Dr, Hitchens is an Entrepreneur and Vice President of Lynntech Inc., a company that he co-founded in 1990. He has managed cutting edge innovation programs for 30 years, delivering research results across multiple fields including: medical devices, biotech, materials, energy and data science. Dr Hitchens and colleagues at Lynntech have had a long-time interest in innovative technology to support manned space exploration. Much of this research has focused on applying electrochemical science to solve problems of water recovery, air revitalization and waste management for regenerative closed life support systems.

Dr. Marshall Porterfield

Professor Porterfield has been working in the field of space biology for over 30 years focusing on bioregenerative life support and microgravity biophysics. He worked on some of the earliest spaceflight experiments with hydroponics and LED lighting systems. From 2011-2016 he led NASA’s Space Life and Physical Sciences Division, and is the originator of NASA GeneLAB, The Twins Experiment, and the Physical Sciences Informatics System. He also oversaw NASA Cold Atom Lab, Veggie and established the ISS Rodent Research Program.

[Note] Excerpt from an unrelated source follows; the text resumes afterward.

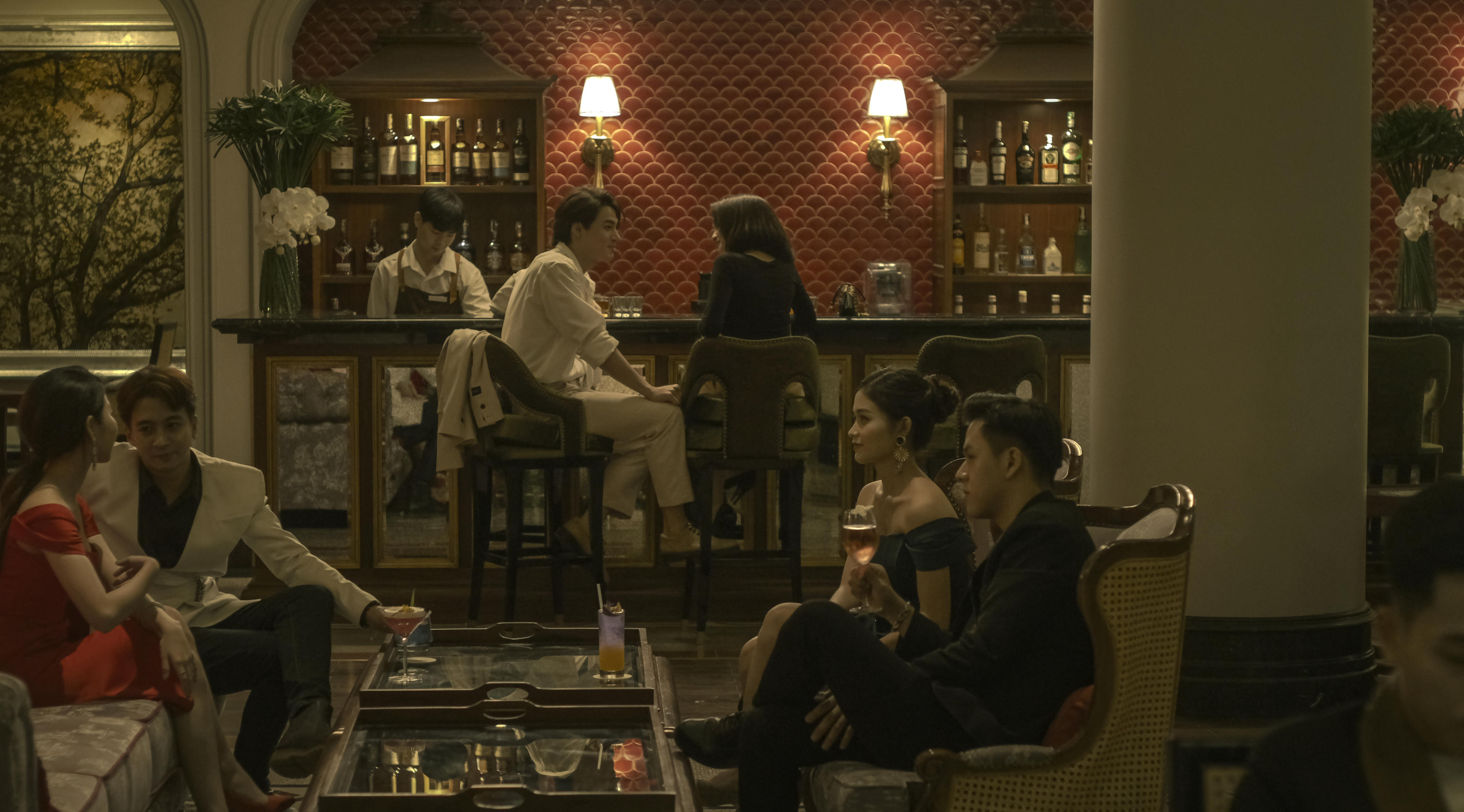 Phần sàn lát gạch hoạ tiết cổ và các chi tiết nội thất kiêu kỳ được tôn vinh một cách hoàn mỹ dưới ánh sáng vàng của những chiếc đèn tường, đèn bàn mang màu sắc cố đô – đây đích thực là điểm hẹn hò hoàn hảo của các cuộc đời vương giả. Trong không gian kiến trúc Pháp cầu kỳ đó, cô út nhà họ Lý – Lý Linh (Kaity Nguyễn thủ vai) xuất hiện đúng chuẩn phong cách “tiểu thư con nhà danh giá”, sánh đôi cùng Jonathan Vĩnh Thụy (Khương Lê thủ vai) cực kỳ lãng tử chuẩn công tử nhà giàu.

Over his career he has played an instrumental role in establishing the biophysical foundations for understanding plant and crop systems in space. At NASA headquarters he initiated GeneLab as an Open-Science initiative to create an integrated systems omics platform (BioSystomics)TM for emerging capabilities in personal medicine, precision agriculture, ecological engineering, and bioregenerative life support. Now as Chief Scientist and Engineer of Pulsar Exploration Industries he is leading the development of next-generation human space exploration systems based on the application of BioSystomicsTM in the emerging field of Bioastronautics.